I had downloaded an improved version of the PHD autoguiding program to keep the telescope locked onto its target, but I had not studied it. I struggled all night to get it working with a cruddy guide camera. With dawn coming, I changed autoguiding cameras, putting on a Meade Deep Space Imager I had toted for years without using. It connected nicely and delivered crisp images, but I could not get it to move the telescope.
Finally I clicked on a button that connects to the mount, and it worked fabulously. I took a test image: the view was steady, locked in, but dawn had washed out the galaxy.
*** Strike Three, night of Aug. 13-14, Friday to Saturday
Lakeside was half a mile out of range of my cell phone and Cory didn’t like that. So I was back at Knolls. A train that went past threw a ferocious light on power poles and dirt hills, and motorcycles growled around. I had thought I’d be away from them because I wasn’t in the sand dunes per se, but they used the roads at night. I could see shadowy figures standing upright in the ORVs that whipped past.
The telescope was easy to set up and I got started faster than usual. The only difficulty was that I was off of true north just enough that I had to move the tripod and re-level it. But that didn’t take long. I found my target for the night, NGC 7331, right off the bat by syncing on a nearby star, Matar, a corner point in Pegasus. I centered the galaxy and locked the guide camera onto a target.
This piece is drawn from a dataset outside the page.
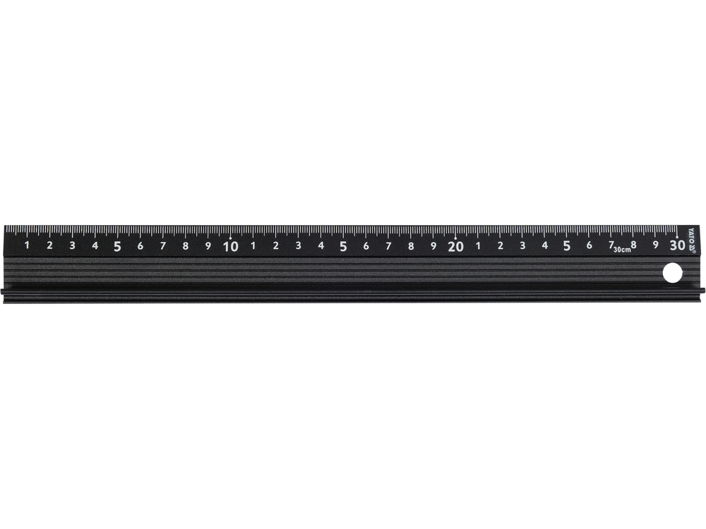 Alumīnija lineāls ar profilu augšpusē, kas kalpo kā drošs satvēriens, lai noturētu lineālu griešanas laikā. Apakšējā plakne ir oderēta ar putuplasta sloksni, lai aizsargātu mērāmo materiālu. Lineālā ir caurums pakāršanai, kas atvieglo lietošanu.

I was about to finish focusing the main camera when a hurricane of wind hit. It kept worsening.
It was impossible to focus when the stars were jiggling blobs. I took several views of 320 seconds each, just to see if the guider worked. They showed smears of light in the identical places, meaning the guider somehow managed to keep locked on.
The Milky Way stretched across nearly the entire sky, showing dark dust lanes. I picked out constellations and waited for the wind to stop.
I called Patrick Wiggins, NASA solar system ambassador to Utah, who was driving home from a public star party, and asked him to check a weather page on the Internet. He said the air was still where he was, near the Great Salt Lake. I was dozing in the Jeep when he called back and told me that at Knolls a wind of 8-10 mph apparently was supposed to last all night. I felt certain it was far wilder than that, maybe 30 mph. The Jeep rocked and shook.
In the morning there was an ORV accident in the BLM reserve beyond my camp, and several emergency vehicles went up the road toward it. An hour or so later, while I was loading my equipment into the Jeep, an ambulance and fire-fighting vehicle returned. A white pickup truck with BLM decals stopped and a ranger walked over to chat with me. She said a fellow had tried a jump on his motorcycle, was thrown and broke his hip. He was airlifted out, though I had not seen the helicopter.
She had been to a SLAS star party and I advised her to join the society.
The following night turned out clear and peaceful. But it would not do to take off for a fourth night, and I was exhausted.
Now August’s new moon period is over. The half-illuminated disk hangs above, shining malevolently. The next new moon will be on Sept. 8, with summer’s balmy weather going fast or gone.